--- Provided records ---

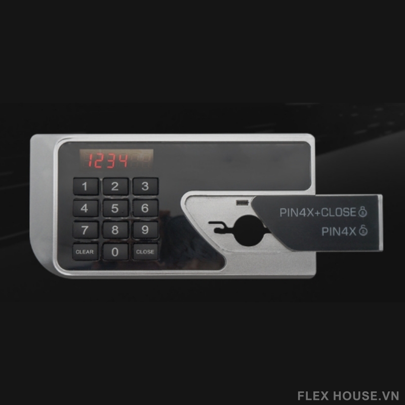 - Mở khóa bằng mã số điện tử: Trang bị bàn phím cơ học 12 phím, thao tác rõ ràng, dễ sử dụng; hỗ trợ mật khẩu người dùng 4–6 chữ số và mật khẩu quản lý 6 chữ số.
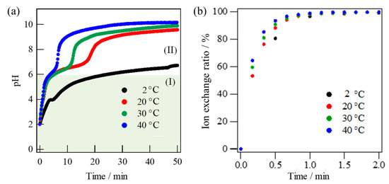 The monitored pH change of the solution with immersion time indicates that the ion exchange proceeded more rapidly from pH = 2 to an alkaline region up to pH = 10 via a two-step processes at a higher temperature without structural destruction (Figure 5a). Based on the result of Figure 5a, the ion exchange ratio was calculated using Equation (1). The evaluated result is shown in Figure 5b. It was also noted that the ion exchange was completed within a few minutes at the first step I, even at a low temperature of 2 °C (Figure 5b). Possibly the second step II was considered to give rise to a slight surface corrosion, because the surface morphology was seen to be roughened by scattered pores (Figure 4d,e).
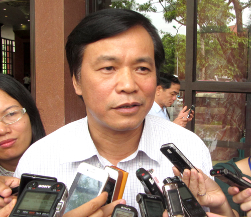 Chủ nhiệm Văn phòng Quốc hội, Trưởng đoàn Thư ký kỳ họp Quốc hội Nguyễn Hạnh Phúc trao đổi với phóng viên
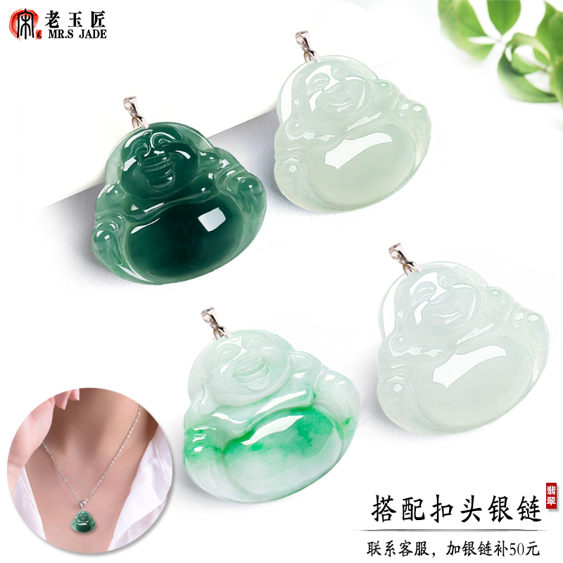 天然A货翡翠玉佛玉吊坠阳绿带翠弥勒佛玉挂件正品 玉石佛公玉项链
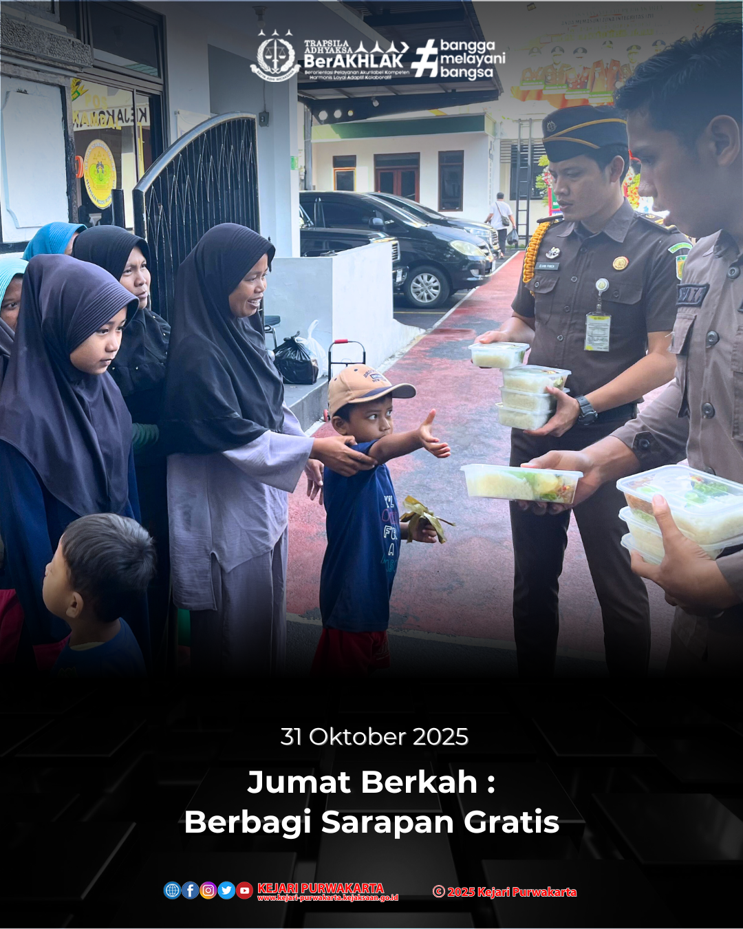 Dalam rangka menumbuhkan semangat kepedulian sosial dan mempererat hubungan antara aparat penegak hukum dengan masyarakat, Kejaksaan Negeri Purwakarta melaksanakan kegiatan “Jumat Berkah” berbagi sarapan kepada masyarakat sekitar lingkungan kantor, pada hari Jumat, 31 Oktober 2025.
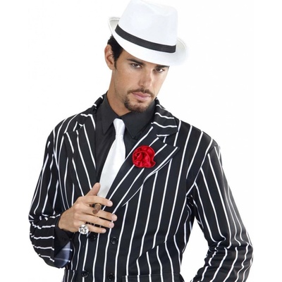 Bílý fedora klobouk pro mafiána Pravdou je, že mafiáni nosili převážně černé klobouky a pruhované bílo-černé obleky. Avšak díky dvojbarevnému obleku můžete zvolit také klobouk...
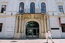 Since 1992 the Gallery has a seat in the building of the former County House. The building in a Baroque and Classicist style, designed by a Vienna-based builder, J. Langer, was completed in 1779. In the period of 1888-1889 the building underwent several alterations: the front part of the house was adjusted, courtly wings were added and the rear wing was modified. On the facade one can see the coat of arms of the Abaúj-Torna County of 1558. Upstairs, there is the assembly hall, the so-called historic hall, with illusive arcades showing the coat of arms of former Abaúj-Torna County as well as some of its towns and villages. It was here that the first cabinet meeting of the National Front of Czechs and Slovaks was held on April 5, 1945, which proclaimed the Košice government programme.
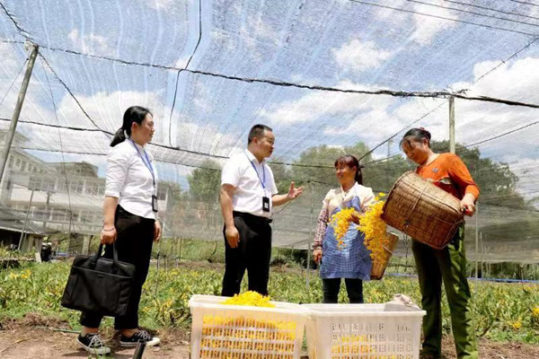 圖為王廷建(左二)在南屏鎮南島河村石斛種植基地向種植戶核查相關問題線索。旺珍 攝
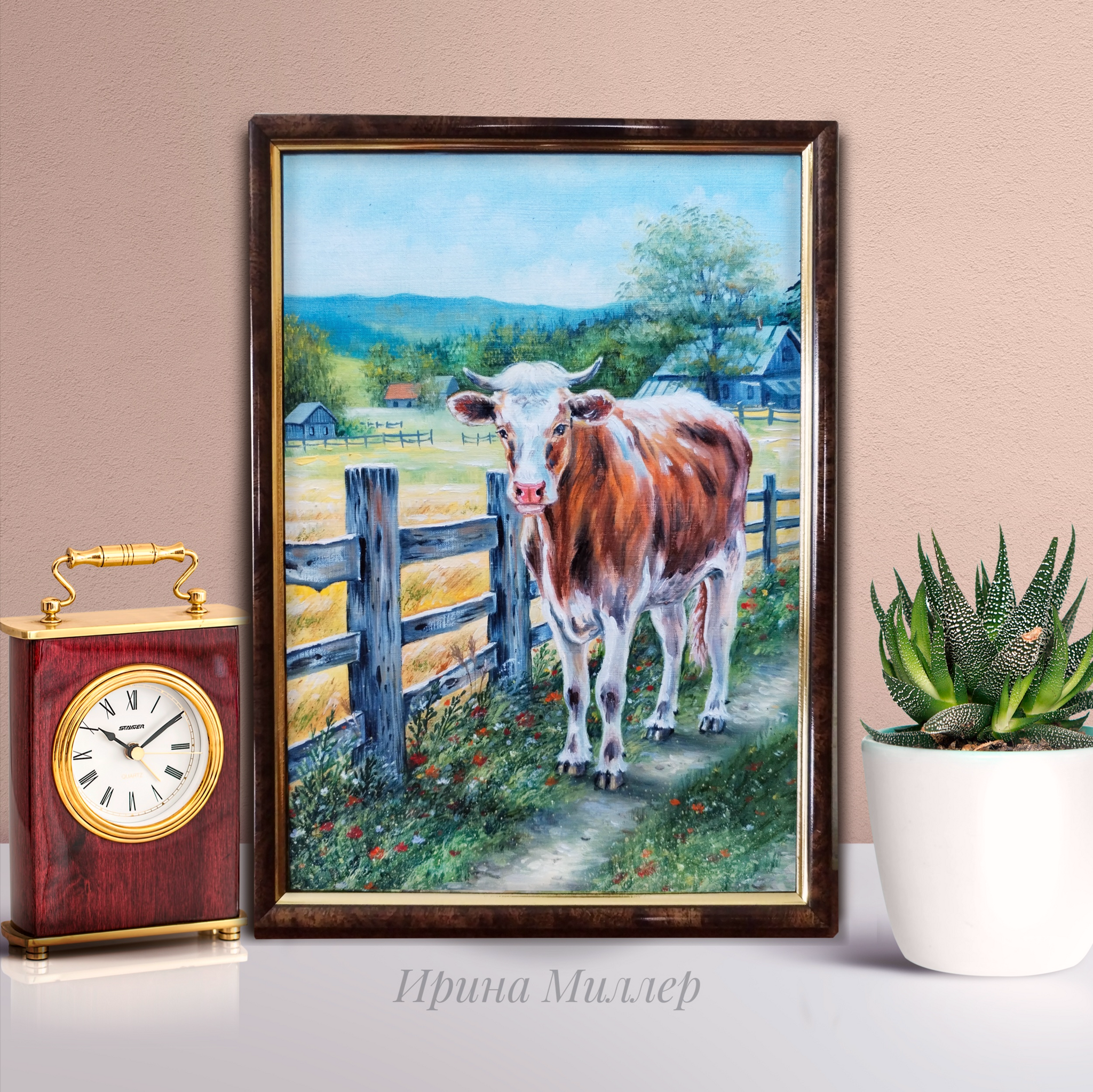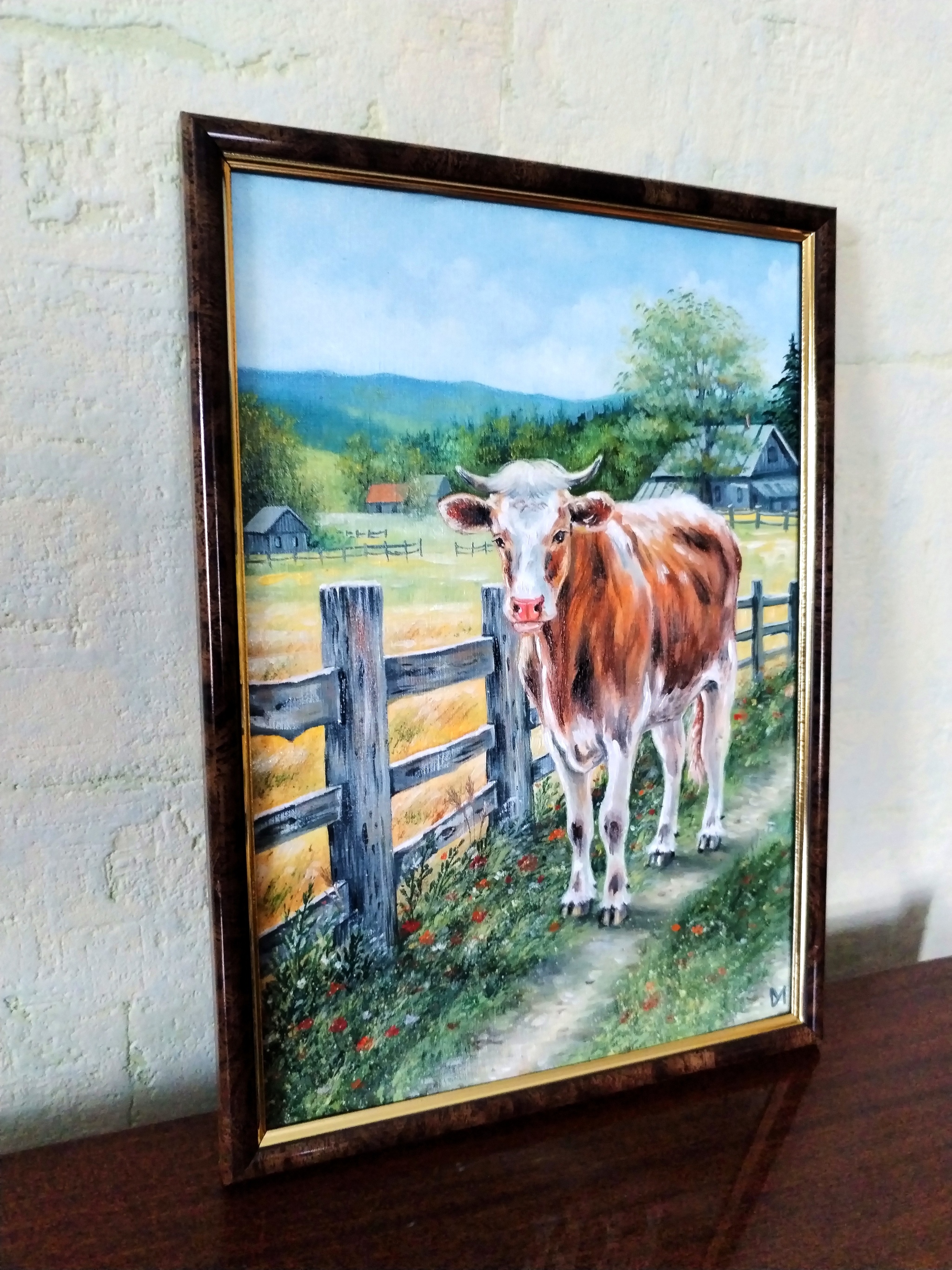 Новая картина маслом "Деревенька", бумажный холст 21*30 см

---

Copy the data word for word. Pictures do not go in the copy.

| Answer to this problem |
 - Mở khóa bằng mã số điện tử: Trang bị bàn phím cơ học 12 phím, thao tác rõ ràng, dễ sử dụng; hỗ trợ mật khẩu người dùng 4–6 chữ số và mật khẩu quản lý 6 chữ số.
 The monitored pH change of the solution with immersion time indicates that the ion exchange proceeded more rapidly from pH = 2 to an alkaline region up to pH = 10 via a two-step processes at a higher temperature without structural destruction (Figure 5a). Based on the result of Figure 5a, the ion exchange ratio was calculated using Equation (1). The evaluated result is shown in Figure 5b. It was also noted that the ion exchange was completed within a few minutes at the first step I, even at a low temperature of 2 °C (Figure 5b). Possibly the second step II was considered to give rise to a slight surface corrosion, because the surface morphology was seen to be roughened by scattered pores (Figure 4d,e).
 Chủ nhiệm Văn phòng Quốc hội, Trưởng đoàn Thư ký kỳ họp Quốc hội Nguyễn Hạnh Phúc trao đổi với phóng viên
 天然A货翡翠玉佛玉吊坠阳绿带翠弥勒佛玉挂件正品 玉石佛公玉项链
 Dalam rangka menumbuhkan semangat kepedulian sosial dan mempererat hubungan antara aparat penegak hukum dengan masyarakat, Kejaksaan Negeri Purwakarta melaksanakan kegiatan “Jumat Berkah” berbagi sarapan kepada masyarakat sekitar lingkungan kantor, pada hari Jumat, 31 Oktober 2025.
 Bílý fedora klobouk pro mafiána Pravdou je, že mafiáni nosili převážně černé klobouky a pruhované bílo-černé obleky. Avšak díky dvojbarevnému obleku můžete zvolit také klobouk...
 Since 1992 the Gallery has a seat in the building of the former County House. The building in a Baroque and Classicist style, designed by a Vienna-based builder, J. Langer, was completed in 1779. In the period of 1888-1889 the building underwent several alterations: the front part of the house was adjusted, courtly wings were added and the rear wing was modified. On the facade one can see the coat of arms of the Abaúj-Torna County of 1558. Upstairs, there is the assembly hall, the so-called historic hall, with illusive arcades showing the coat of arms of former Abaúj-Torna County as well as some of its towns and villages. It was here that the first cabinet meeting of the National Front of Czechs and Slovaks was held on April 5, 1945, which proclaimed the Košice government programme.
 圖為王廷建(左二)在南屏鎮南島河村石斛種植基地向種植戶核查相關問題線索。旺珍 攝
 Новая картина маслом "Деревенька", бумажный холст 21*30 см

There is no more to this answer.